Jordan became interested in wine while attending university. As of 2012, his favourite varieties of wine were Nebbiolo, Shiraz, Bordeaux blends and sparkling. He was against the use of genetically modifying wine, as he believed it would reduce the impact of terroir. With Michele, he was interested in gardens, and he planted an arboretum in Hoddles Creek, in the Yarra Valley where he lived. His house contained a small vineyard. Jordan became interested in Tibetan culture following trips to South Asia, and he was also interested in walking, golf and chair-making.

Jordan was noted for his bluntness and was affectionately referred to as "The Big Nosed Technocrat" by Len Evans.

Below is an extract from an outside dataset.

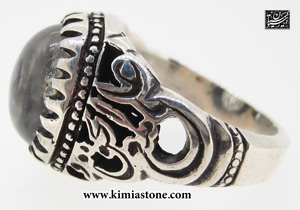 انگشتر نقره 925 مردانه، نگین دُر ( کریستال کوارتز )،حکاکی دستی و نفیس علی مع الحق (خط چپ) پشت نگین،نوشته علی مع الحق بر روی رکاب، اندازه نگین: 13 در 9 میلیمتر، سایز انگشتر 61/62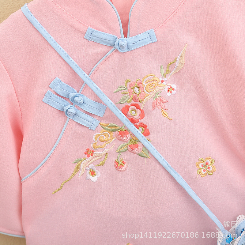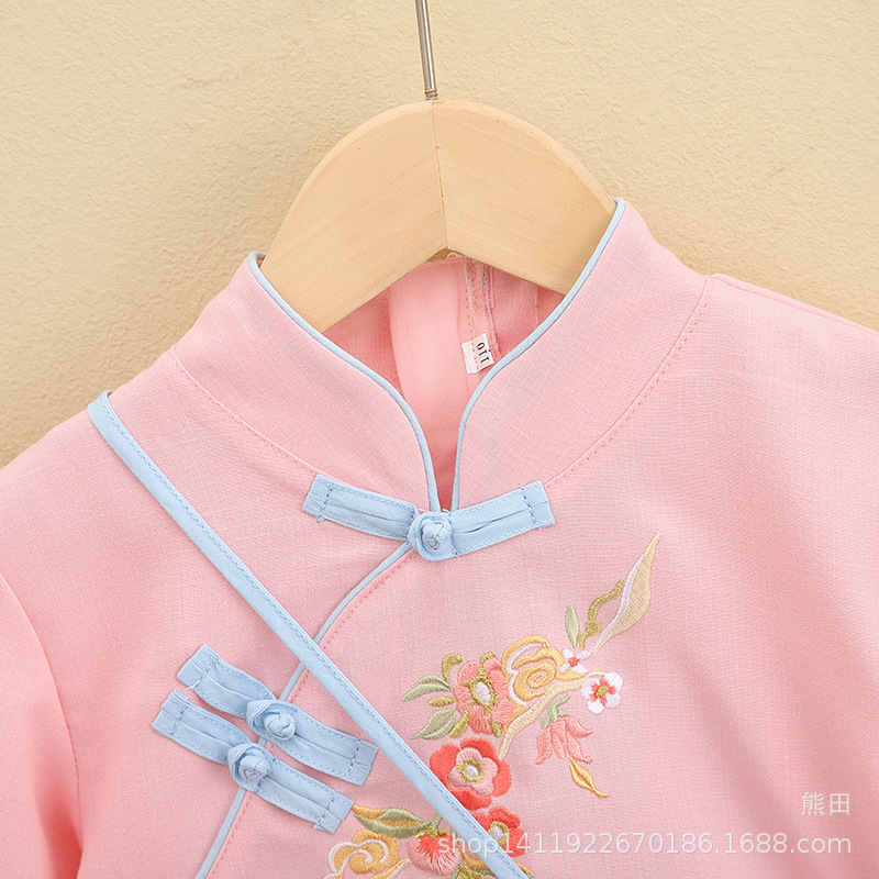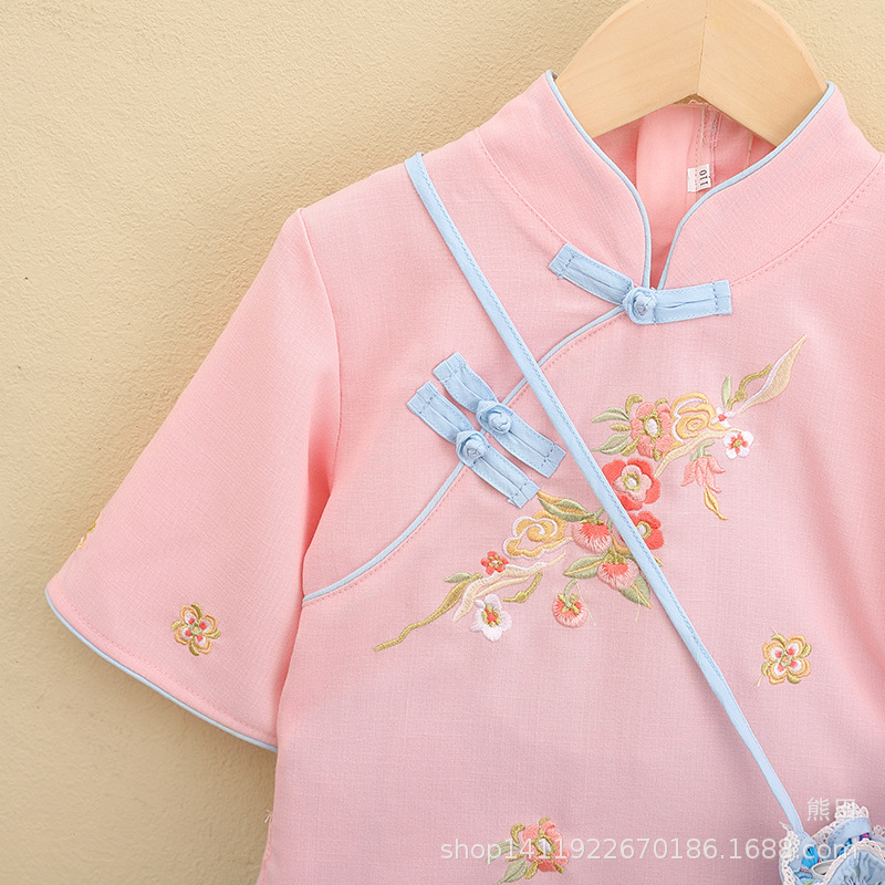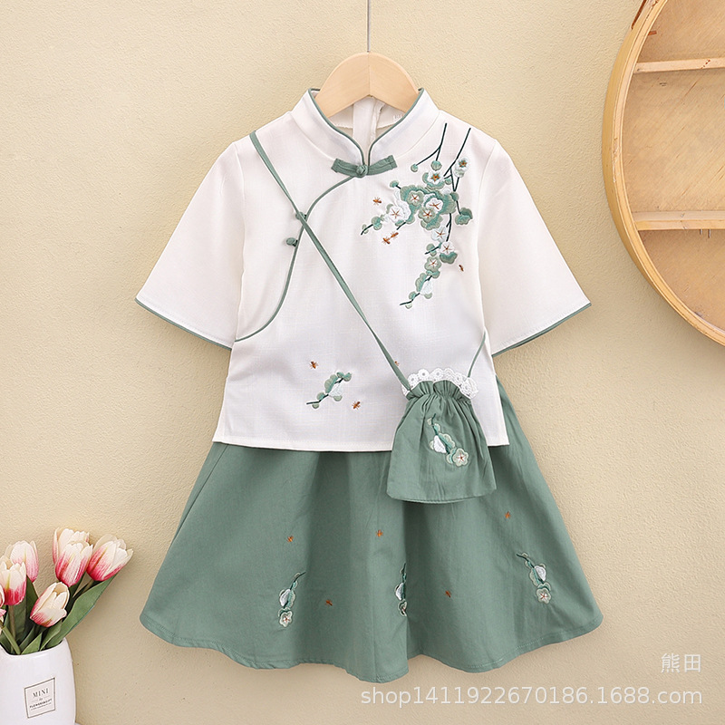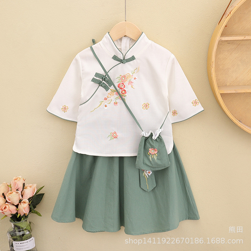 어린이 Hanfu 여름 소녀 당 세트 치파오 개선 Hanfu 스커트 작은 소녀의 국가 스타일 어린이 의류 민족 스타일 고대 원피스

Jordan died of mesothelioma on 27 August 2019. He was diagnosed in April 2019 after experiencing breathlessness on Easter Saturday. Jordan speculated his cancer was caused by asbestos exposure during PhD research in the 1960s.

== Legacy ==
Jordan was a respected and influential figure in the Australian wine industry, particularly on the production of sparkling wine. He was a leading Australian oenologist. His influence on the wine industry in Australia has been likened to that of Émile Peynaud in France.

Jordan was awarded the Order of Australia medal in 2013 for his contribution to the Australian wine industry. In 2019, he became a fellow of the Australian Society of Viticulture and Oenology. In June 2019 the Australian Grape and Wine Authority awarded him a life membership of the Australian Wine Industry, and Wine Australia established the Dr Tony Jordan OAM Award in his honour, with an annual grant of up to $40,000 to support the study of a PhD scholarship applicant. He posthumously received an honorary doctorate from Charles Sturt University in September 2019, having been notified of the honour before his death.